[EXERCISE AIM] In the data below, find the line with "dem letzten Platz." and the line with "5 diamonds (3", then restate both and every line between them exactly, minus the pictures.

[INPUT DATA]
>>>>>

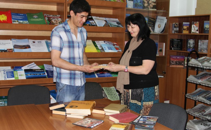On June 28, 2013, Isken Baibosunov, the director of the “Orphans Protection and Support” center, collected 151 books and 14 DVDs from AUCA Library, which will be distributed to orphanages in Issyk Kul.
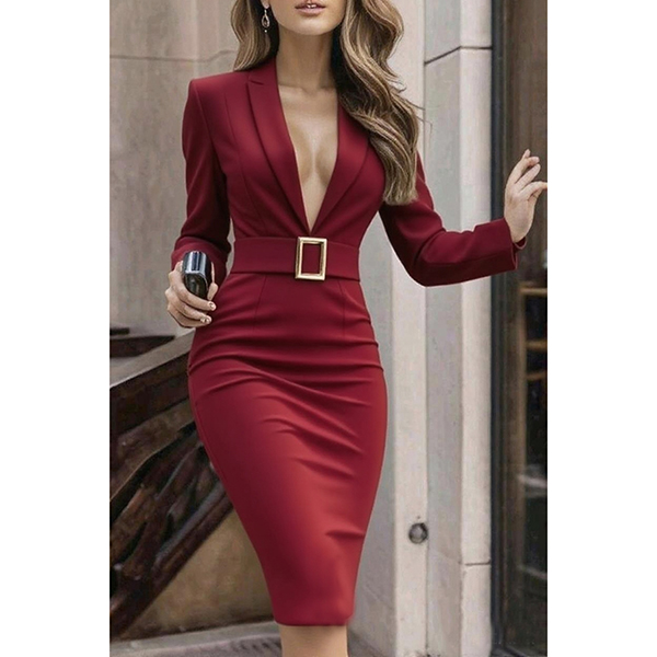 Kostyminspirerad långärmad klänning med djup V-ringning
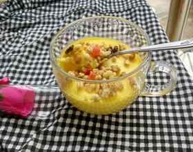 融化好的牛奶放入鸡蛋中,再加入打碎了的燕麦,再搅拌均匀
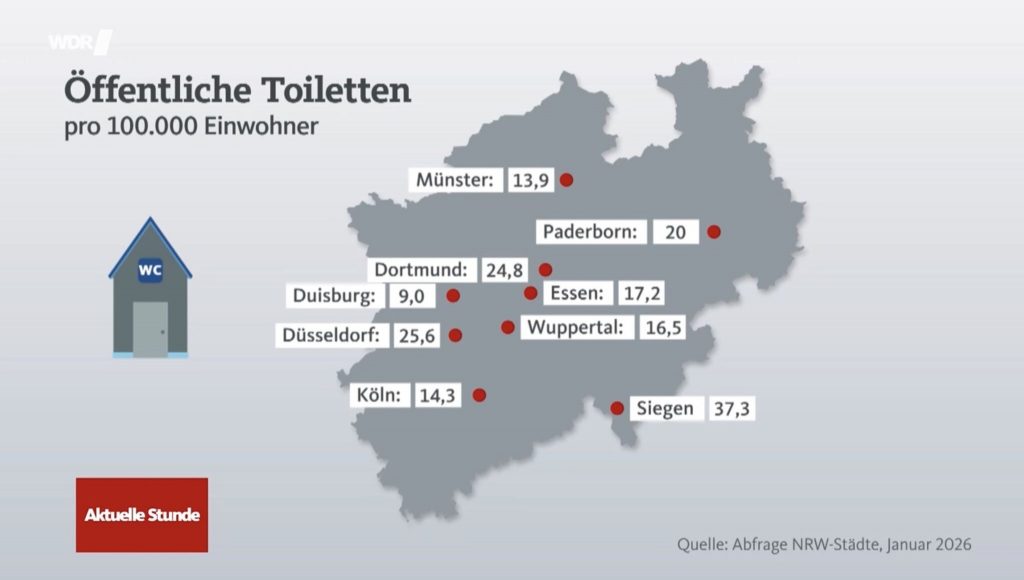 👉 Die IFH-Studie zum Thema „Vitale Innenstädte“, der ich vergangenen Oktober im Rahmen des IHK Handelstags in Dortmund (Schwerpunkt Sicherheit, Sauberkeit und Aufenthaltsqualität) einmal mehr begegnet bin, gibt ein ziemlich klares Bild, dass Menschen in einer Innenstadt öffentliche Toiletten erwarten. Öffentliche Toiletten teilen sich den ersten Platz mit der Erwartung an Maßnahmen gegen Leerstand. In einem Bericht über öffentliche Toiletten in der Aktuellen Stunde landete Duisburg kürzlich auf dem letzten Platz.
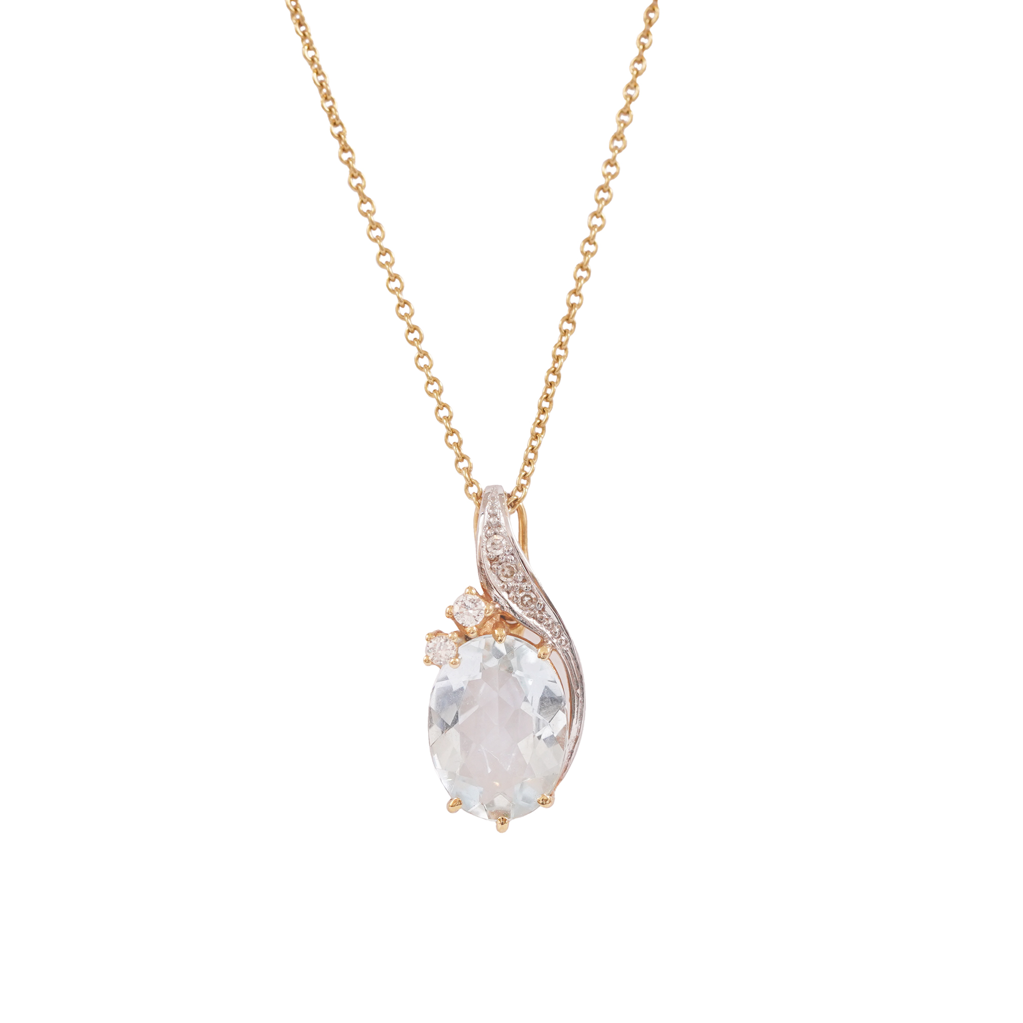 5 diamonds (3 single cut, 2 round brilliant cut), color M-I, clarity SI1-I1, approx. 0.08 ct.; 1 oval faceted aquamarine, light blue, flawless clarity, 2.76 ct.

<<<<<
>>>>>

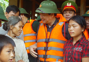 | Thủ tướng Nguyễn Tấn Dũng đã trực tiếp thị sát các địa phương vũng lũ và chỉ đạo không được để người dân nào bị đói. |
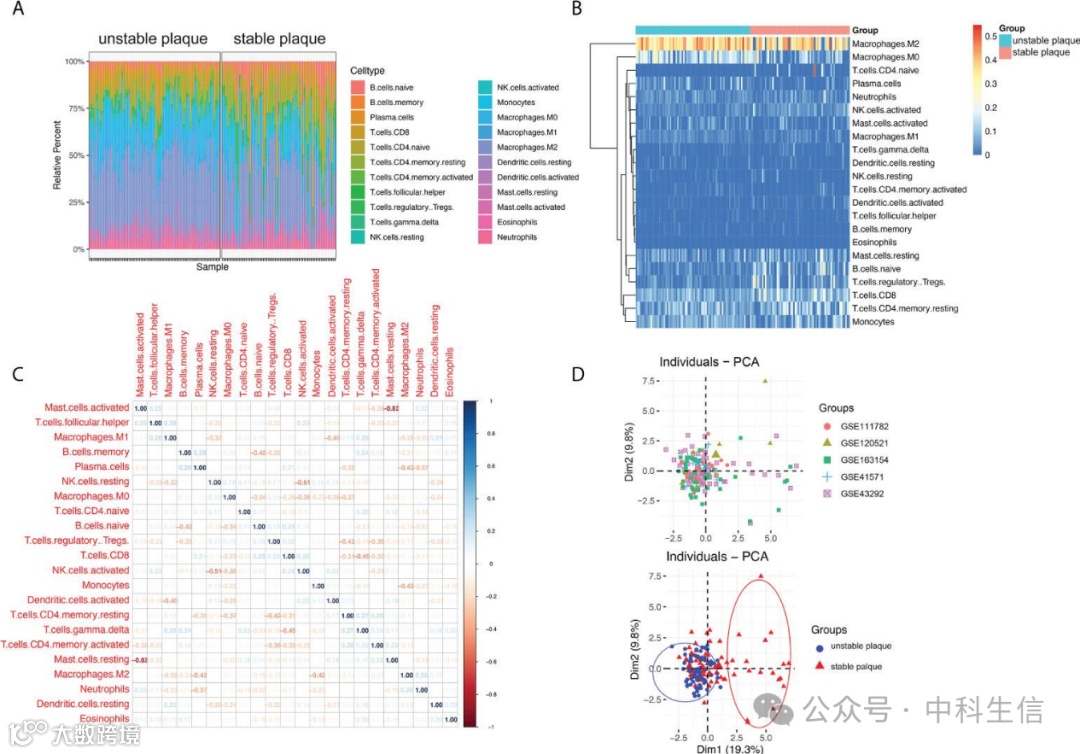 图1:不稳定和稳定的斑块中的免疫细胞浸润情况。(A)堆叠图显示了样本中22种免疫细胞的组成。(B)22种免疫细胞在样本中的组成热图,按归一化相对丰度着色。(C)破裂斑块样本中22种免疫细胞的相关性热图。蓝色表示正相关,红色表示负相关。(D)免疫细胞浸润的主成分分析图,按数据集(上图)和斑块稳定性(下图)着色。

<<<<<
>>>>>

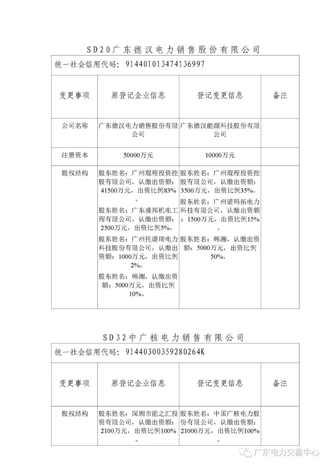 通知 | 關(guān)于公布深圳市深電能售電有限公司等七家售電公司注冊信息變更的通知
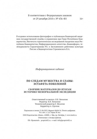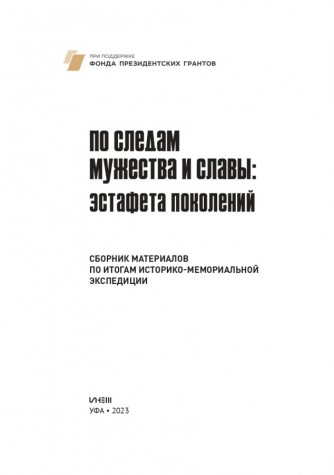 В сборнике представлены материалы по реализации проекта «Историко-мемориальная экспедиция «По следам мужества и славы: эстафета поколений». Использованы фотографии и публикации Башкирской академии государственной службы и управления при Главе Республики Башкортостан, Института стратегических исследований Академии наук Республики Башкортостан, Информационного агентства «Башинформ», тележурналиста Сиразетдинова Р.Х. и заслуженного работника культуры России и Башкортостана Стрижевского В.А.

<<<<<

[EXPECTED ANSWER]
 👉 Die IFH-Studie zum Thema „Vitale Innenstädte“, der ich vergangenen Oktober im Rahmen des IHK Handelstags in Dortmund (Schwerpunkt Sicherheit, Sauberkeit und Aufenthaltsqualität) einmal mehr begegnet bin, gibt ein ziemlich klares Bild, dass Menschen in einer Innenstadt öffentliche Toiletten erwarten. Öffentliche Toiletten teilen sich den ersten Platz mit der Erwartung an Maßnahmen gegen Leerstand. In einem Bericht über öffentliche Toiletten in der Aktuellen Stunde landete Duisburg kürzlich auf dem letzten Platz.
 5 diamonds (3 single cut, 2 round brilliant cut), color M-I, clarity SI1-I1, approx. 0.08 ct.; 1 oval faceted aquamarine, light blue, flawless clarity, 2.76 ct.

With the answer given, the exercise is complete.